#### Brief:
Please return every line of the material verbatim and skip any images.

#### Provided data:
• • • •

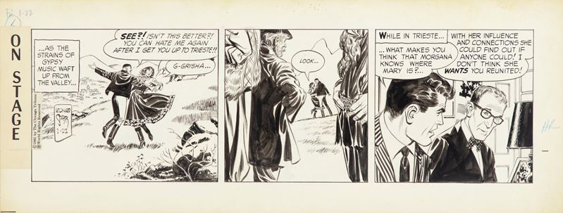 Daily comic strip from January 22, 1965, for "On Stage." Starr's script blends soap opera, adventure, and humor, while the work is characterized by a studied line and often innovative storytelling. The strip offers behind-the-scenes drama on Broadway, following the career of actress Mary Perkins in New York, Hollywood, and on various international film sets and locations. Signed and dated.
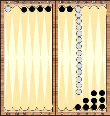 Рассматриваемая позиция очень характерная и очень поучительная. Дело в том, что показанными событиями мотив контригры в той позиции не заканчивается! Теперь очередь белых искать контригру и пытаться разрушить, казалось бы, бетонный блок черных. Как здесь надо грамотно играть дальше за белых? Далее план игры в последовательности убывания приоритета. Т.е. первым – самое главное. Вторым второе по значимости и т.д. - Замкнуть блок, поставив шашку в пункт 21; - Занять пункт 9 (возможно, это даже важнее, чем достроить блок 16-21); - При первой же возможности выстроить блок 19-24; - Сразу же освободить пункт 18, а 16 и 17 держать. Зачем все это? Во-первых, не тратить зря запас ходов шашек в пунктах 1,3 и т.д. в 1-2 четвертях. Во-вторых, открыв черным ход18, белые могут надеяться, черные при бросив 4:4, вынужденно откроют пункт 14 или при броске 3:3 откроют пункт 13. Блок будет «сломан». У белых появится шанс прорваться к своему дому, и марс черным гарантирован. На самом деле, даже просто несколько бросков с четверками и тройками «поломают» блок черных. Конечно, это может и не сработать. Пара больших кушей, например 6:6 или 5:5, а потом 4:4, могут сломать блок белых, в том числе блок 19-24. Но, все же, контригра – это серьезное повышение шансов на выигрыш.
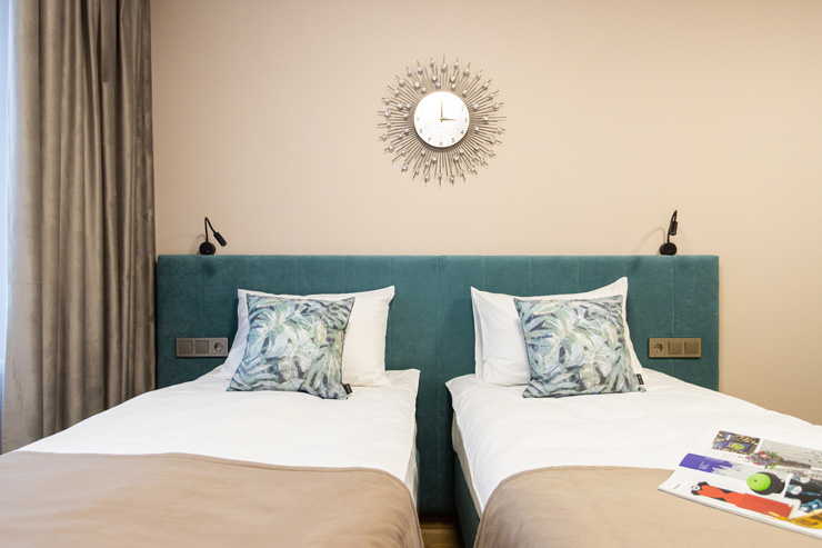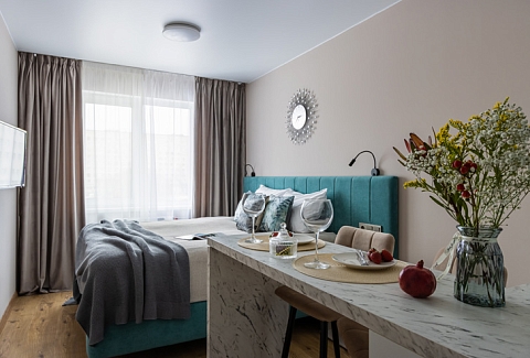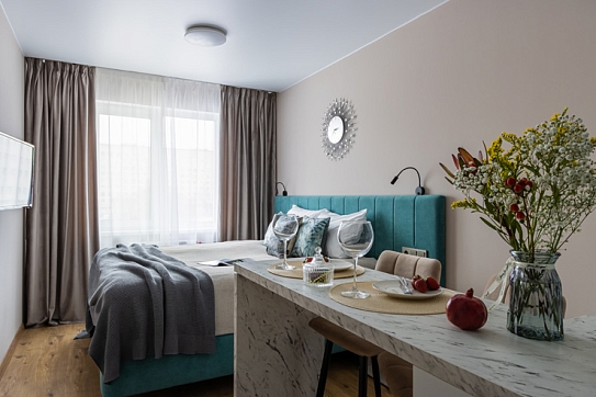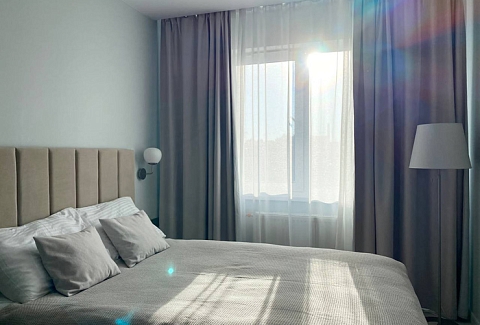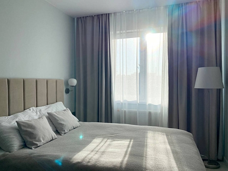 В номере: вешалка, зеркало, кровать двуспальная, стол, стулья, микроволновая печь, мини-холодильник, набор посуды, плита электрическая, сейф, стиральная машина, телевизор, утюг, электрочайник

• • • •

#### Output of the exercise:
 Daily comic strip from January 22, 1965, for "On Stage." Starr's script blends soap opera, adventure, and humor, while the work is characterized by a studied line and often innovative storytelling. The strip offers behind-the-scenes drama on Broadway, following the career of actress Mary Perkins in New York, Hollywood, and on various international film sets and locations. Signed and dated.
 Рассматриваемая позиция очень характерная и очень поучительная. Дело в том, что показанными событиями мотив контригры в той позиции не заканчивается! Теперь очередь белых искать контригру и пытаться разрушить, казалось бы, бетонный блок черных. Как здесь надо грамотно играть дальше за белых? Далее план игры в последовательности убывания приоритета. Т.е. первым – самое главное. Вторым второе по значимости и т.д. - Замкнуть блок, поставив шашку в пункт 21; - Занять пункт 9 (возможно, это даже важнее, чем достроить блок 16-21); - При первой же возможности выстроить блок 19-24; - Сразу же освободить пункт 18, а 16 и 17 держать. Зачем все это? Во-первых, не тратить зря запас ходов шашек в пунктах 1,3 и т.д. в 1-2 четвертях. Во-вторых, открыв черным ход18, белые могут надеяться, черные при бросив 4:4, вынужденно откроют пункт 14 или при броске 3:3 откроют пункт 13. Блок будет «сломан». У белых появится шанс прорваться к своему дому, и марс черным гарантирован. На самом деле, даже просто несколько бросков с четверками и тройками «поломают» блок черных. Конечно, это может и не сработать. Пара больших кушей, например 6:6 или 5:5, а потом 4:4, могут сломать блок белых, в том числе блок 19-24. Но, все же, контригра – это серьезное повышение шансов на выигрыш.
 В номере: вешалка, зеркало, кровать двуспальная, стол, стулья, микроволновая печь, мини-холодильник, набор посуды, плита электрическая, сейф, стиральная машина, телевизор, утюг, электрочайник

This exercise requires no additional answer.